Guy Burton, Adjunct Professor, Vesalius College; and Visiting Fellow, Sectarianism, Proxies and De-sectarianism Project, Lancaster University

 

No quick fix for European energy needs

“European countries – such as the UK and Germany – are scrambling to lessen their dependency on Russian gas and oil, prevent further energy price hikes, and brace for the possibility of Russia cutting off energy flows to Europe. Publicly, Boris Johnson came home empty-handed, while the Germans secured  a ‘long-term energy partnership’ with Qatar for LNG export – best understood not as a ‘contract’ but the beginning of a strategic roadmap towards a deal.

Four challenges stand out for Europe.
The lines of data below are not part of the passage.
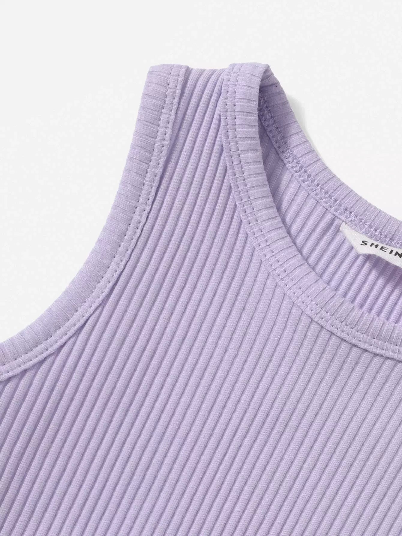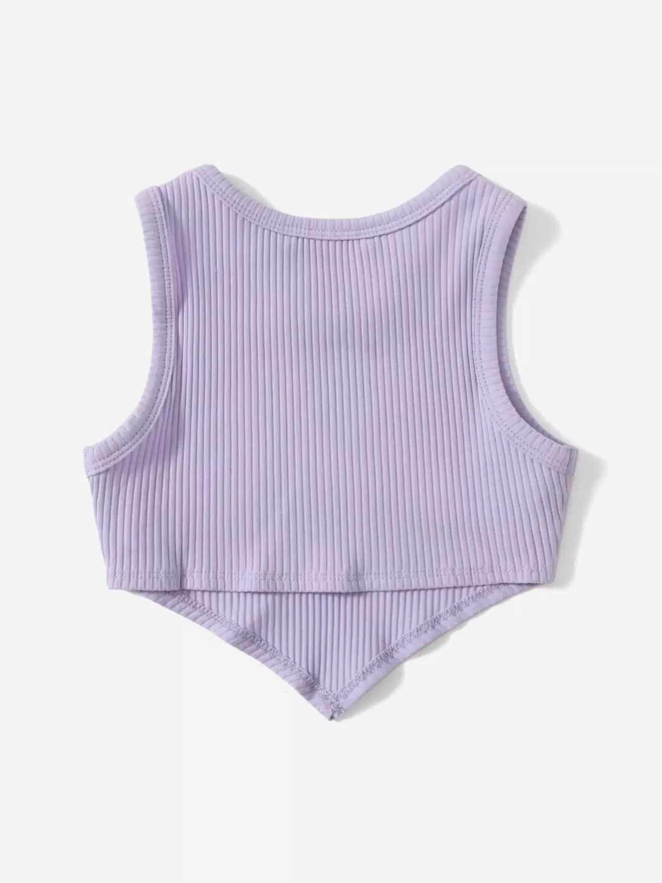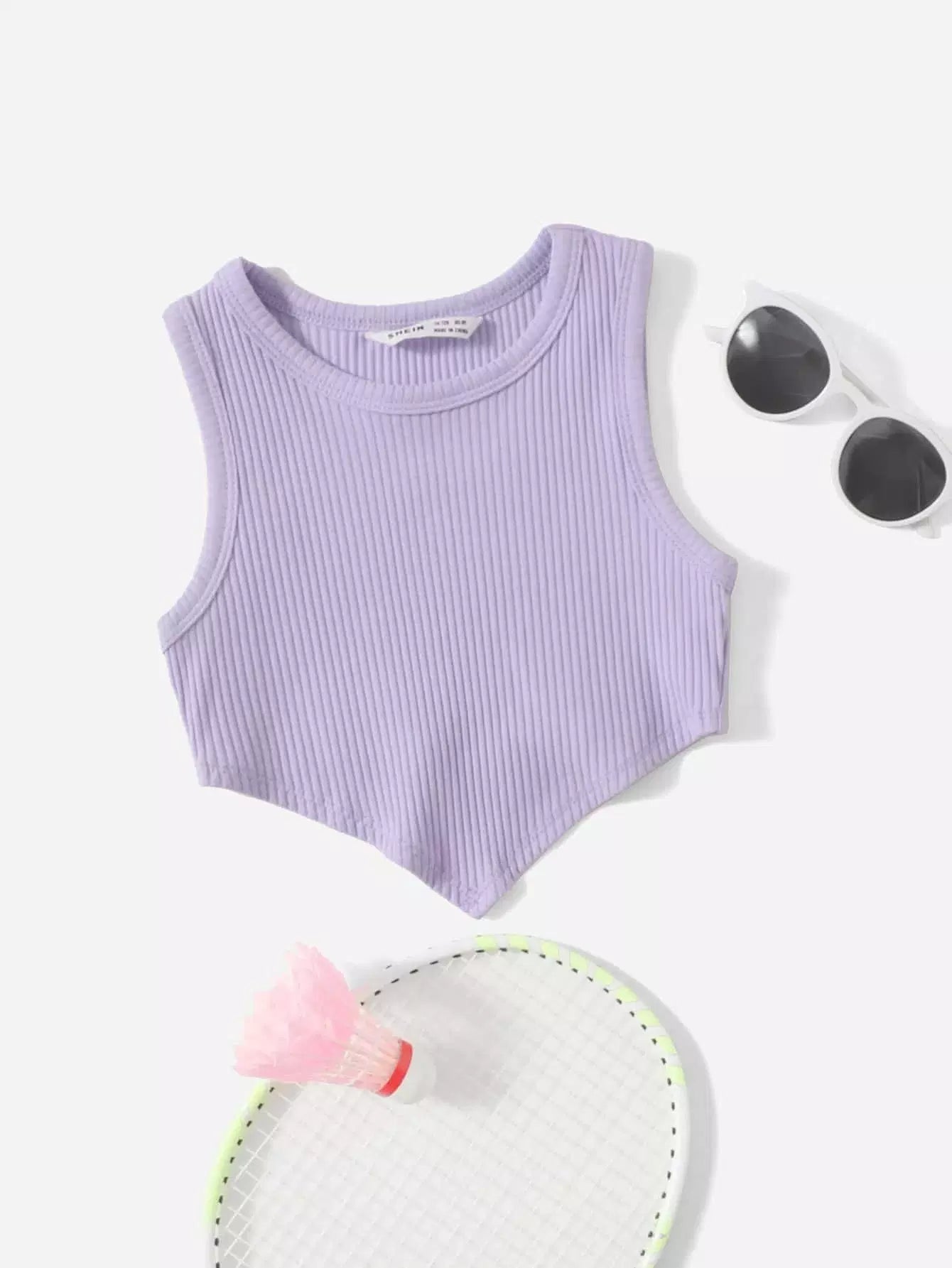 Girls Asymmetrical Hem Rib-knit Crop Tank Top
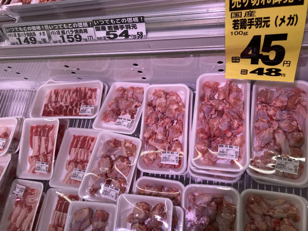 特に鶏むね肉や豚こま肉など家庭でよく使う部位が驚くような安さで並んでいます。
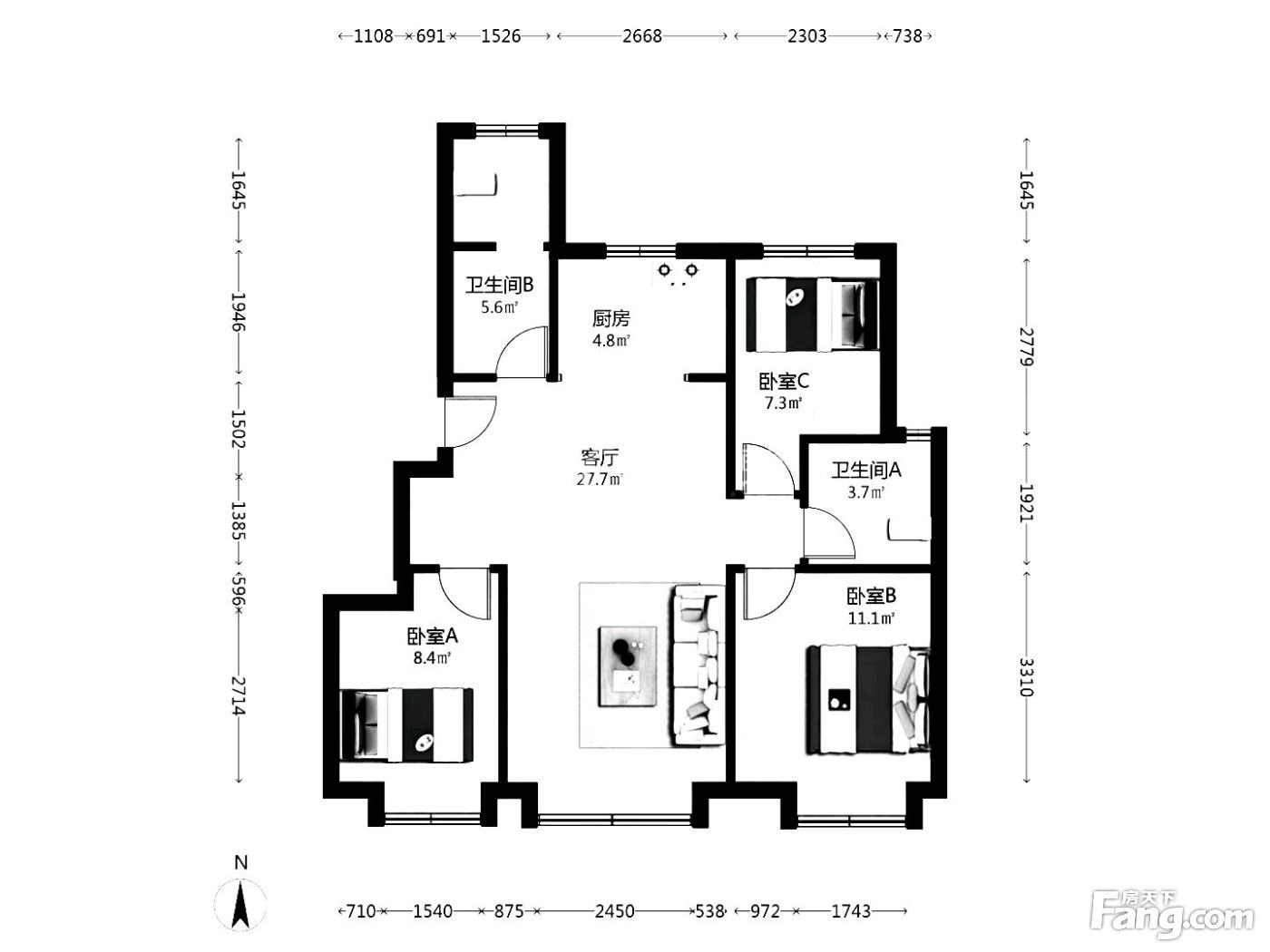 3室2厅1卫

Firstly, Europe does not have enough LNG infrastructure (namely storage and regasification facilities) to cope with the situation. Secondly, most of the Qatari LNG is locked in long-term contracts (mostly with Asian importers such as China and Japan) and cannot be diverted to Europe at will. As only 10%-15% can be redirected, Doha said it is almost impossible to replace Russian gas quickly. Furthermore, Qatari mega trains went down last February, leading to a significant decline in export capacity. Export infrastructures can also be the target of military attacks in the Middle East, such as the recent Houthi attacks against Aramco facilities in Saudi Arabia. Finally, Europe will still be dependent, but this time on another set of actors, such as the GCC and the US – and later perhaps Iran if JCPOA is reinstated. These exporters can use their newly found prominence to leverage the EU countries geopolitically. Natural gas is a good short-term option, but the best strategy for the EU would be to use this gas as fuel for an accelerated transition towards the net-zero emission goal by 2050, as outlined in the European Green Deal.”
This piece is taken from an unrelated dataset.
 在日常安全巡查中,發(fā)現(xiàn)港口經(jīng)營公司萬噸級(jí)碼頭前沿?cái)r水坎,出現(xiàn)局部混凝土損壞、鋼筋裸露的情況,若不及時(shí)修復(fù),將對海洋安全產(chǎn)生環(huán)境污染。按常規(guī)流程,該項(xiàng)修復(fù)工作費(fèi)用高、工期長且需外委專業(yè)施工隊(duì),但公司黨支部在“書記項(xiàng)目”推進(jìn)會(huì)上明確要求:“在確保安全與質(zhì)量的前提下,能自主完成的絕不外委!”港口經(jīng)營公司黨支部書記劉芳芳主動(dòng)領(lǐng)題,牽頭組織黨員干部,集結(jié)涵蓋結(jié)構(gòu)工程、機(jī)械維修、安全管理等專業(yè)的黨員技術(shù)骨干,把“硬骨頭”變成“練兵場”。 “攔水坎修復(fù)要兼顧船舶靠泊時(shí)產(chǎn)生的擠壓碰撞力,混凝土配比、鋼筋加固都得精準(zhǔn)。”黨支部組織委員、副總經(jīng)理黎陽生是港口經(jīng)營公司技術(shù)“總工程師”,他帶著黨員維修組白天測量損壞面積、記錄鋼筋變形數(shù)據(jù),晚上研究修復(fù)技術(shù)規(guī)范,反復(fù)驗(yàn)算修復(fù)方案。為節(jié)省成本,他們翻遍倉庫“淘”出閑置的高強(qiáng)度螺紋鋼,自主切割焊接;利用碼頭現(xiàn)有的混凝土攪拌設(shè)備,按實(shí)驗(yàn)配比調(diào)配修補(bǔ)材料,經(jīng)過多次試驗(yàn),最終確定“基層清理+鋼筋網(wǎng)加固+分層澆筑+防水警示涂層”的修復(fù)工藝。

Mohammadbagher Forough, Research Fellow, GIGA; and Research Associate, Clingendael

 

Algerian gas is unlikely to replace Russian production

“Blinken is the first US Secretary of State to have visited the country since 2014, with the agenda dominated by the impact of Russia’s invasion of Ukraine. Algiers abstained from UN votes on the ongoing conflict and has historical ties with Moscow. While the energy crisis has loomed in the background of the discussions (at the beginning of March Washington had reportedly exerted pressure for the re-opening of the Maghreb-Europe pipeline), other dossiers such as bilateral economic cooperation, regional stability and crises in Libya and in the Sahel held a more prominent role.
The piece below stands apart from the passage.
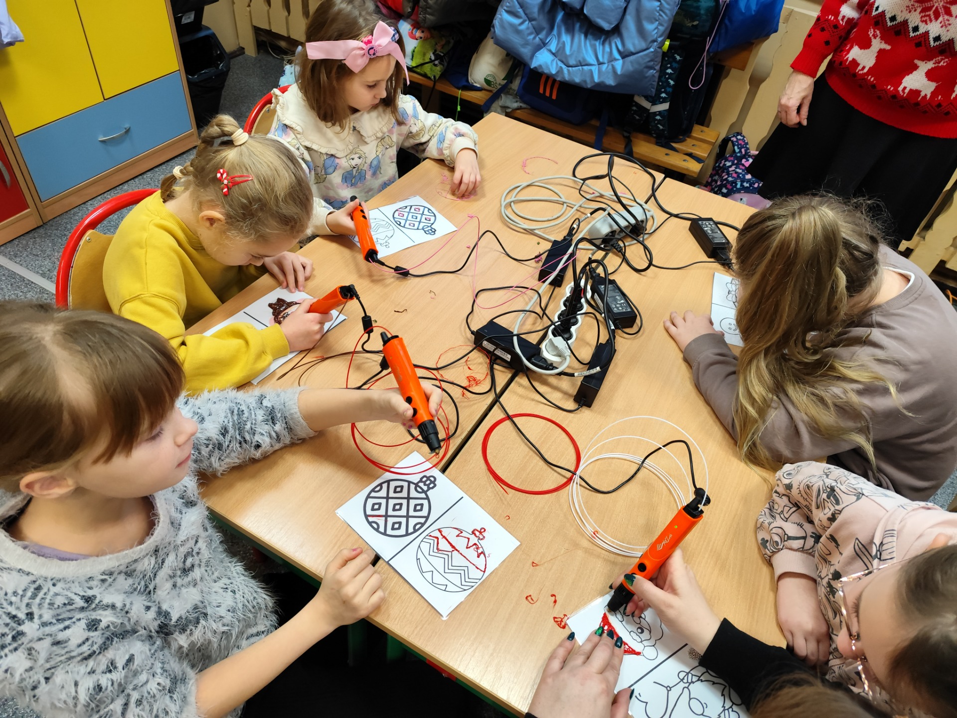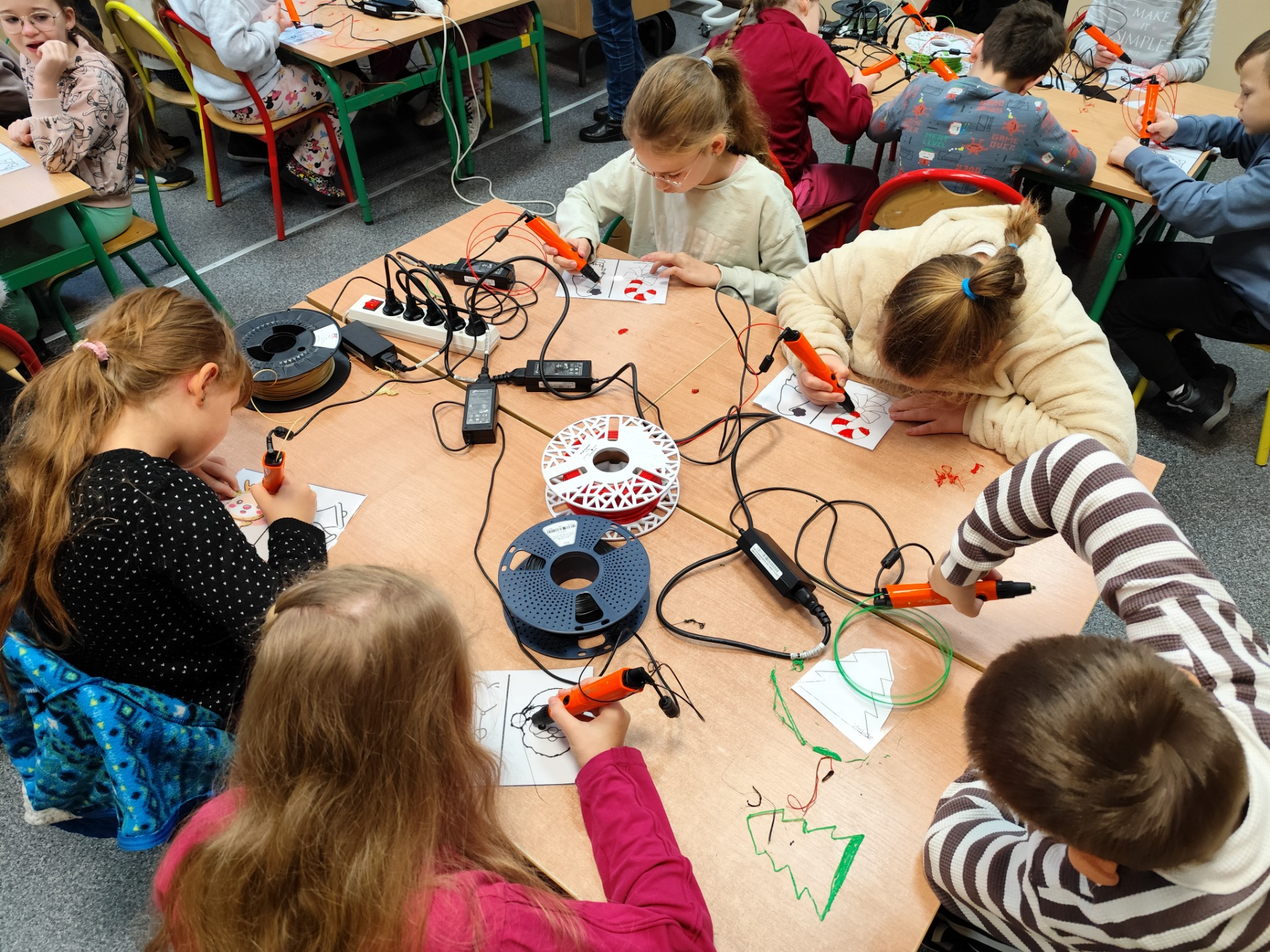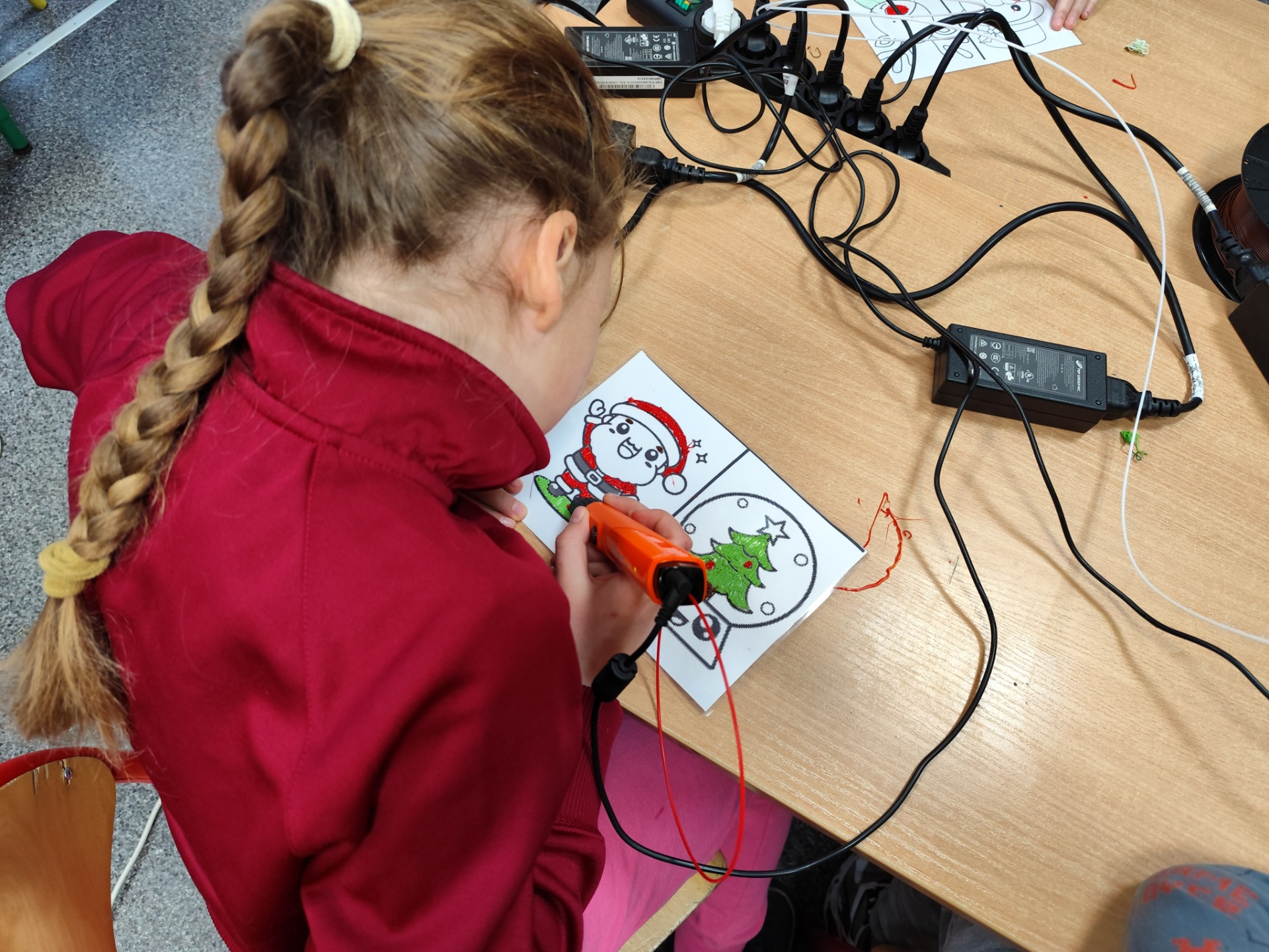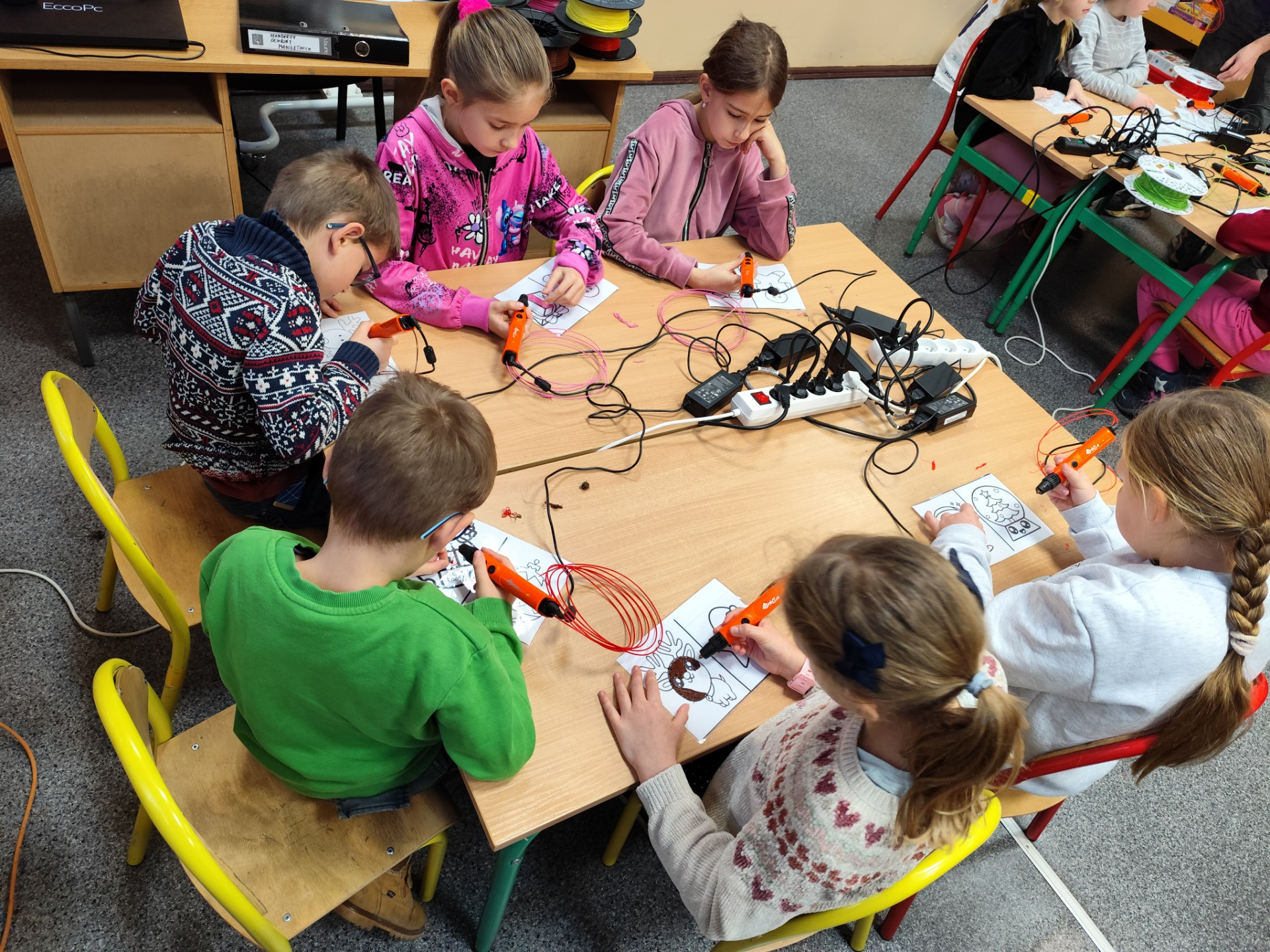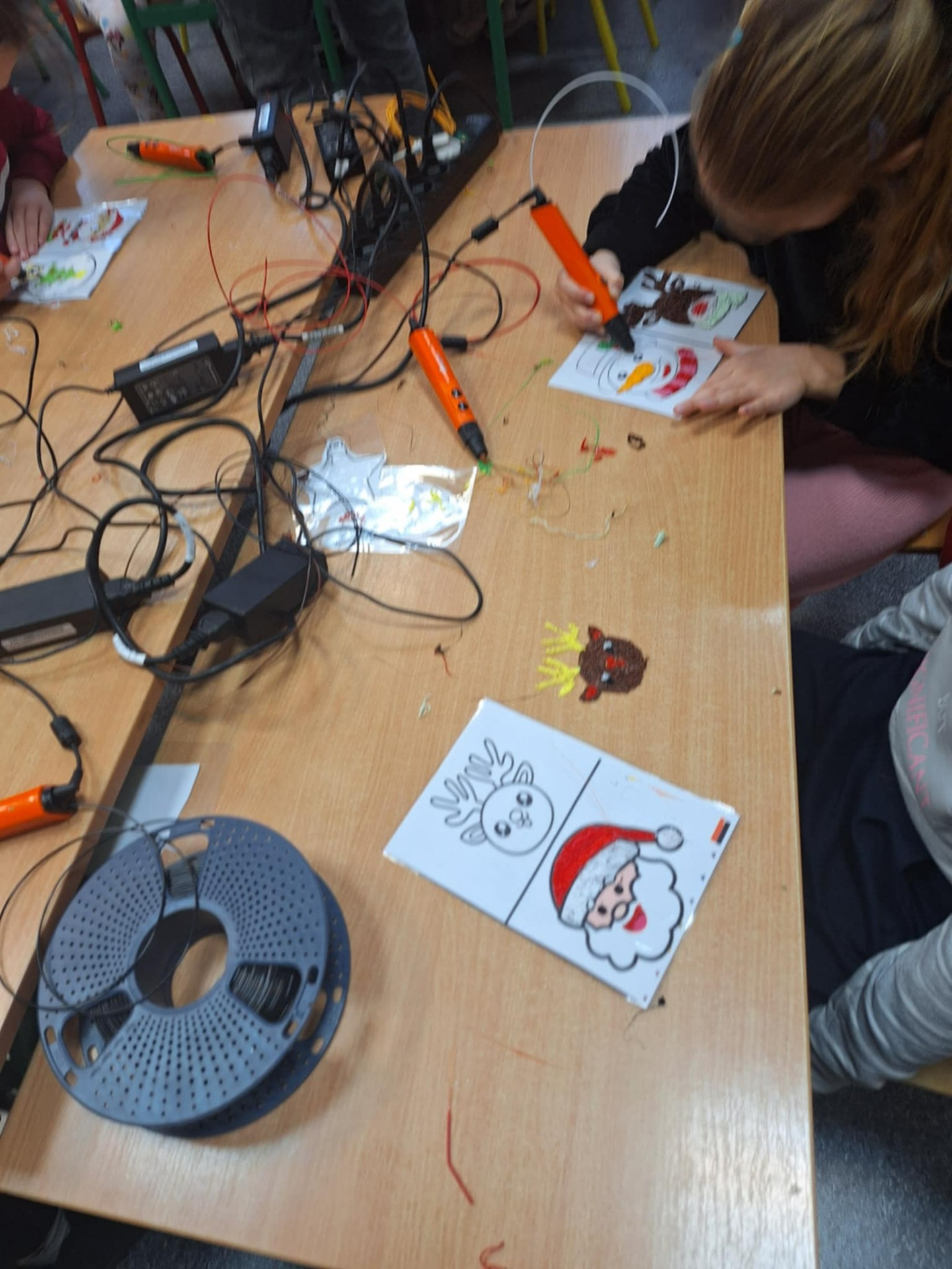 12 grudnia uczniowie klas 1- 4 na zaproszenie Gminnej Biblioteki Publicznej w Mieleszynie wzięli udział w warsztatach rysowania długopisami 3D, które były przeprowadzane przez ZiP Zabawa i Programowanie. Dzieci tworzyły wzory o tematyce świątecznej. Podczas warsztatów rozwijały swoją kreatywność i wyobraźnię. Uczyły się także staranności i cierpliwości. Udane wytwory m.in.: renifery, bombki, choinki, skrzaty były źródłem radości z pomyślnie wykonanych zadań.

Algeria is the third largest supplier of natural gas to the EU. In the last weeks, the state-owned company Sonatrach has said to be ready to increase its exports to Europe. Still, the decade-long structural decline of the Algerian hydrocarbon sector and the closure of the Maghreb-Europe pipeline due to tensions with Morocco will limit Algiers’ ability to increase its export volumes to only 2-3 billion cubic meters per year in the short term – less than 2% of the total EU imports of Russian gas in 2021.”